121. This Court held that the word “any” is of wide amplitude. It means “one or some or all”. Referring to Black’s Law Dictionary, the Court observed that the word “any” has a diversity of meaning and may be employed to indicate “all” or “every” as well as “some” or “one”. However, the meaning which is to be given to it would depend upon the context and the subject-matter of the statute.
122. In the case of K.P. Mohammed Salim (supra), this Court was considering the power of the Director General or Chief Commissioner or Commissioner to transfer any case from one or more assessing officers subordinate to him to any other assessing officer or assessing officers. This Court observed thus:
“17. The word “any” must be read in the context of the statute and for the said purpose, it may in a situation of this nature, means all. The principles of purposive construction for the said purpose may be resorted to. (See New India Assurance Co. Ltd. v. Nusli Neville Wadia [(2008) 3 SCC 279 : (2007) 13 SCR 598]) Thus, in the context of a statute, the word “any” may be read as all in the context of the Income Tax Act for which the power of transfer has been conferred upon the authorities specified under Section 127.”

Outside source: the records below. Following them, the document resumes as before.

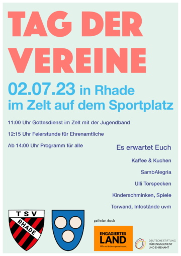 Die Gemeinde Rhade lädt zusammen mit dem TSV Rhade und der Kirchengemeinde Rhade zum Tag der Vereine am 02.07.2023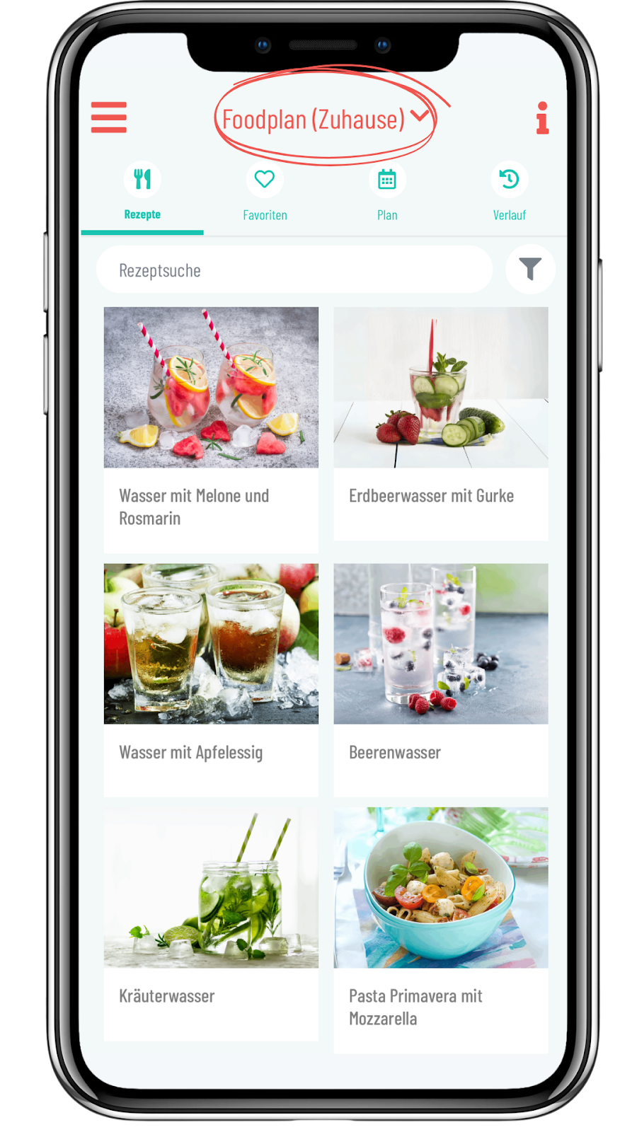 - Tippe oben im Foodplan auf den Namen deiner Liste oder gehe im Hauptmenü auf “Liste auswählen”.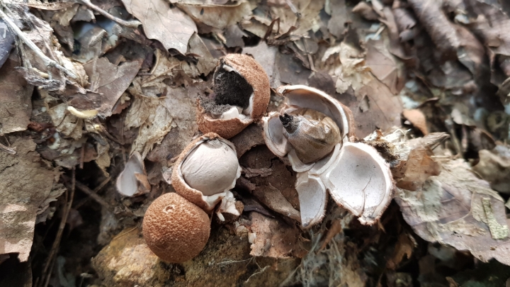 연약한 유균을 누군가에게 먹히지 않도록 작은 원형구로 내부를 잘 감싸 놓은 '목도리방귀버섯'의 생존전략으로 보인다.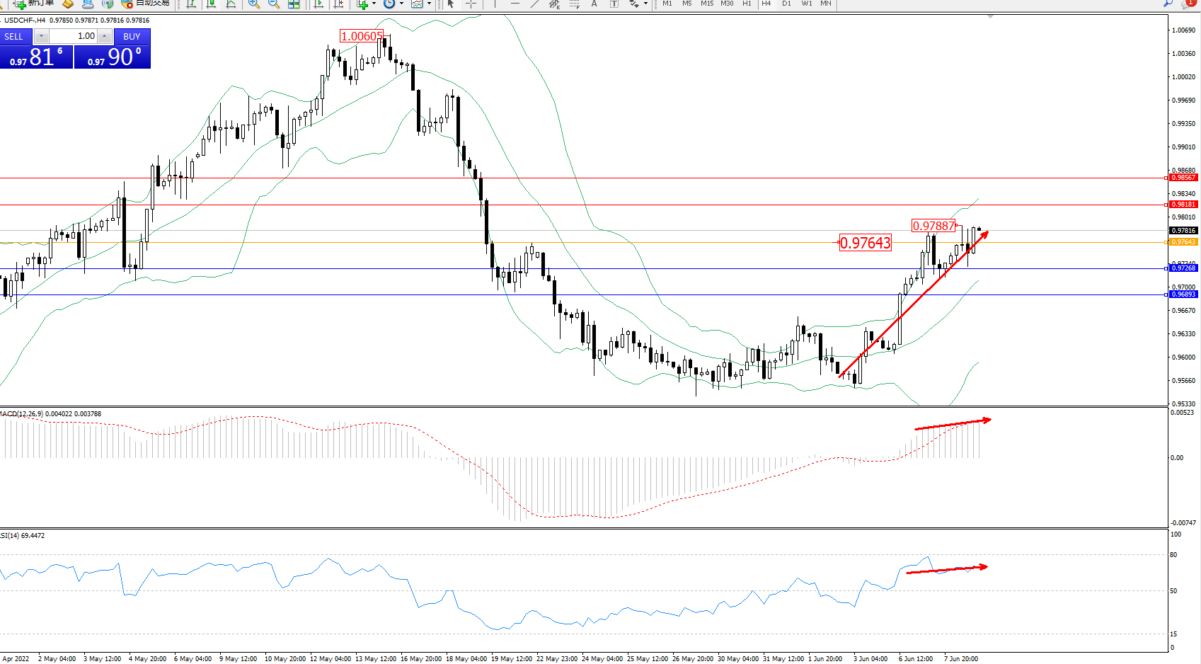 交易策略:0.97643上方看涨,目标0.98181、0.98567

123. The Court again reiterated that the word “any” must be read in the context of the statute. The Court also applied the principles of purposive construction to the term “any” to mean “all”. 124. In the case of Raj Kumar Shivhare (supra), an argument was sought to be advanced that since Section 35 of the Foreign Exchange Management Act, 1999 uses the words “any decision or order”, only appeals from final order could be filed. Rejecting the said contention, this Court observed thus:
“19. The word “any” in this context would mean “all”. We are of this opinion in view of the fact that this section confers a right of appeal on any person aggrieved. A right of appeal, it is well settled, is a creature of statute. It is never an inherent right, like that of filing a suit. A right of filing a suit, unless it is barred by statute, as it is barred here under Section 34 of FEMA, is an inherent right (see Section 9 of the Civil Procedure Code) but a right of appeal is always conferred by a statute.
While conferring such right a statute may impose restrictions, like limitation or pre-deposit of penalty or it may limit the area of appeal to questions of law or sometime to substantial questions of law. Whenever such limitations are imposed, they are to be strictly followed. But in a case where there is no limitation on the nature of order or decision to be appealed against, as in this case, the right of appeal cannot be further curtailed by this Court on the basis of an interpretative exercise.
20. Under Section 35 of FEMA, the legislature has conferred a right of appeal to a person aggrieved from “any” “order” or “decision” of the Appellate Tribunal. Of course such appeal will have to be on a question of law. In this context the word “any” would mean “all”.
26. In the instant case also when a right is conferred on a person aggrieved to file appeal from “any” order or decision of the Tribunal, there is no reason, in the absence of a contrary statutory intent, to give it a restricted meaning. Therefore, in our judgment in Section 35 of FEMA, any “order” or “decision” of the Appellate Tribunal would mean all decisions or orders of the Appellate Tribunal and all such decisions or orders are, subject to limitation, appealable to the High Court on a question of law.”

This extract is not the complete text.